Exercise aim » Lines after the one containing "Élégant sac à" are to be omitted; print exactly each line from the start of the records up to and including it.

Dataset records »
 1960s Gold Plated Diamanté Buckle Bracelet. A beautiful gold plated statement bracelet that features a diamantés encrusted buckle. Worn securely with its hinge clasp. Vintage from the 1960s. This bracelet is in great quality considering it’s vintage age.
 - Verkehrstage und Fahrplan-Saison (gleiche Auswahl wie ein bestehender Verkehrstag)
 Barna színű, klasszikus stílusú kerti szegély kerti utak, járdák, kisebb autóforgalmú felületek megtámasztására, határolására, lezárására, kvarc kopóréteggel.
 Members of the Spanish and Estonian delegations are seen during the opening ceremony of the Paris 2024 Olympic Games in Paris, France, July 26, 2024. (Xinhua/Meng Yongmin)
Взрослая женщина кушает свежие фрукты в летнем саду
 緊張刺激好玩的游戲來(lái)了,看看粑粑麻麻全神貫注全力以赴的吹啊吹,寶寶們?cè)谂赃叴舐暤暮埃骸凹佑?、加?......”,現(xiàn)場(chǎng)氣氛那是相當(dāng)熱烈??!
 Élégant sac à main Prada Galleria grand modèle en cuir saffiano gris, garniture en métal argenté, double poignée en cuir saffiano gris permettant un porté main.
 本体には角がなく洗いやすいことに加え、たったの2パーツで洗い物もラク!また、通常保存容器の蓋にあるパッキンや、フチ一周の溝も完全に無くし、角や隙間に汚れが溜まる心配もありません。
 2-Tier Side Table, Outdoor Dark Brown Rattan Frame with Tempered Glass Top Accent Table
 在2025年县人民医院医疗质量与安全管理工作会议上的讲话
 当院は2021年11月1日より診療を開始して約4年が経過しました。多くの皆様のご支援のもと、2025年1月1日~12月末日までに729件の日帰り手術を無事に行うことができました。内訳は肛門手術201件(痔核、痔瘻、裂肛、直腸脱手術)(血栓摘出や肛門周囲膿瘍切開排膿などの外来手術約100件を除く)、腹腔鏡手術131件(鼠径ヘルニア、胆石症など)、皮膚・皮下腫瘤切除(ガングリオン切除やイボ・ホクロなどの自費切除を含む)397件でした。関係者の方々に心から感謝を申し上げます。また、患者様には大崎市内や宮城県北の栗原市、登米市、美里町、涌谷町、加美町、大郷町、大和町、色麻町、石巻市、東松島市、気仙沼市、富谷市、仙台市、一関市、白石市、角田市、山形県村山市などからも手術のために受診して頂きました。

Solved problem »
 1960s Gold Plated Diamanté Buckle Bracelet. A beautiful gold plated statement bracelet that features a diamantés encrusted buckle. Worn securely with its hinge clasp. Vintage from the 1960s. This bracelet is in great quality considering it’s vintage age.
 - Verkehrstage und Fahrplan-Saison (gleiche Auswahl wie ein bestehender Verkehrstag)
 Barna színű, klasszikus stílusú kerti szegély kerti utak, járdák, kisebb autóforgalmú felületek megtámasztására, határolására, lezárására, kvarc kopóréteggel.
 Members of the Spanish and Estonian delegations are seen during the opening ceremony of the Paris 2024 Olympic Games in Paris, France, July 26, 2024. (Xinhua/Meng Yongmin)
Взрослая женщина кушает свежие фрукты в летнем саду
 緊張刺激好玩的游戲來(lái)了,看看粑粑麻麻全神貫注全力以赴的吹啊吹,寶寶們?cè)谂赃叴舐暤暮埃骸凹佑?、加?......”,現(xiàn)場(chǎng)氣氛那是相當(dāng)熱烈??!
 Élégant sac à main Prada Galleria grand modèle en cuir saffiano gris, garniture en métal argenté, double poignée en cuir saffiano gris permettant un porté main.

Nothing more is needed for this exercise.